Acoustiblok, a registered trademark product of Acoustiblok Inc, is manufactured in the United states. It is a sound attenuation material that was introduced in 1999.  It is implemented in new construction or remodeling projects. It is also designed for application beneath the drywall and other finishing materials.

Physical properties

Acoustiblok is a mass-loaded vinyl, sound isolation product. It is an extremely dense but very flexible material that comes in two sizes; 16oz. and 32oz. 

 Sixteen ounce Acoustiblok is 1/8" thick, and weighs 1 lb/ft2.
 Thirty-two ounce Acoustiblok is 1/4" thick, and weighs 2 lb/ft2.
 Barium Free
 Color: Black
 High UV Resistance
 No Fungal or Algal Growth

Performance data

The ability of a partition to block transmission of airborne sound is typically described by a single number rating of the Sound Transmission Class (STC).  

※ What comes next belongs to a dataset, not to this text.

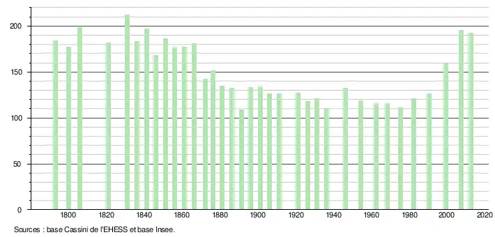 - ↑ Par convention dans Wikipédia, le principe a été retenu de n’afficher dans le tableau des recensements et le graphique, pour les populations légales postérieures à 1999, que les populations correspondant à une enquête exhaustive de recensement pour les communes de moins de 10 000 habitants, et que les populations des années 2006, 2011, 2016, etc. pour les communes de plus de 10 000 habitants, ainsi que la dernière population légale publiée par l’Insee pour l'ensemble des communes.

 Sixteen ounce Acoustiblok material has an STC of 26.
 Thirty-two ounce Acoustiblok material has an STC of 32.
 Adding one layer of Acoustiblok to a standard metal stud gypsum board interior wall, increases its STC to 53.
 Double steel stud partition walls, faced with single layers of drywall and containing fiberglass insulation and Acoustiblok, can achieve an STC of 66.

STC is calculated using a range of frequencies similar to the human voice; attenuation in higher and lower ranges should be estimated from the Sound Transmission Loss graphs provided with standard STC reports. 

Test procedures and the formula for calculation of STC values are defined in ASTM Standards E90-02 and E413-87.

Construction applications

New Construction, Remodel/Renovation   

Acoustiblok material is typically installed in partition walls and floor/ceiling assemblies when they are stripped to the studs.

Classification

Acoustiblok is qualified for use in commercial and institutional construction by its UL Classification file, found under Fire Tests of Building Construction and Materials.  This Classification includes use in wall designs of the U300, U400, and V400 series, and floor-ceiling constructions of the L500 series, as specified in ANSI/UL 263 Fire Resistance Ratings. Ratings of 1 and 2 hours can be obtained, depending on specific partition design.